The Wishing Moon
"Throw who off the track?"

"You scared? Want to go home?"

"Oh, no! But who? There's nobody chasing us. Nobody."

"No. We've got them fooled. It's some evening."[Pg 21]

[Pg 21]

"Willard, where are the paddies?"

That was the question Judith had been wanting to ask more and more, for an hour, but it came in a choked voice, and nobody heard. They were plunging into a rough and stubbly wood lot, and hushing each other excitedly. Twigs caught at Judith's skirt, and it was hard to see your way, with the moon, small and high above the trees in Larribee's woods, only making the trees look darker. The wood road was little used and overgrown.

"If they get us in here!"

"They won't, Willard." Judith's voice trembled.

"Cry-baby!"

"I am not."

"Here, buck up. We're coming out right here, back of the carriage house. If Ed catches you crying he'll send you home."

But Ed had his mind upon higher things. "You girls stay here with the baskets.
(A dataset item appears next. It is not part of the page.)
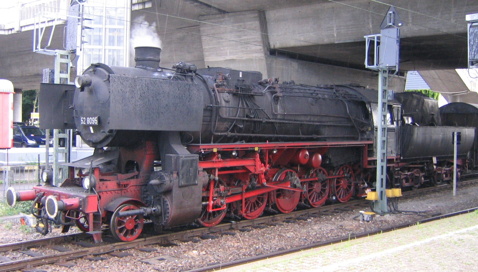 German steam locomotive DR 52 8095.

Don't move. Willard, you go right and I'll go left, and we'll meet at the carriage-house steps, if the coast is clear."

"If they get us——"

If! The boys crunched out of hearing on the gravel, awesome silence set in, and Rena and Natalie whispered; Judith was not to be awed.[Pg 22] Four May-baskets hung, and nobody objecting; dark cross-streets chosen instead of Main Street and no danger pursuing them there. If there was no danger in the whole town, why should there be in one little strip of woods, though it was dark and strange, and full of whispering noises? Judith had clung to Willard's hand in terror, turning into the cross-streets, and nothing came of it. She was not to be fooled any longer. There was no danger.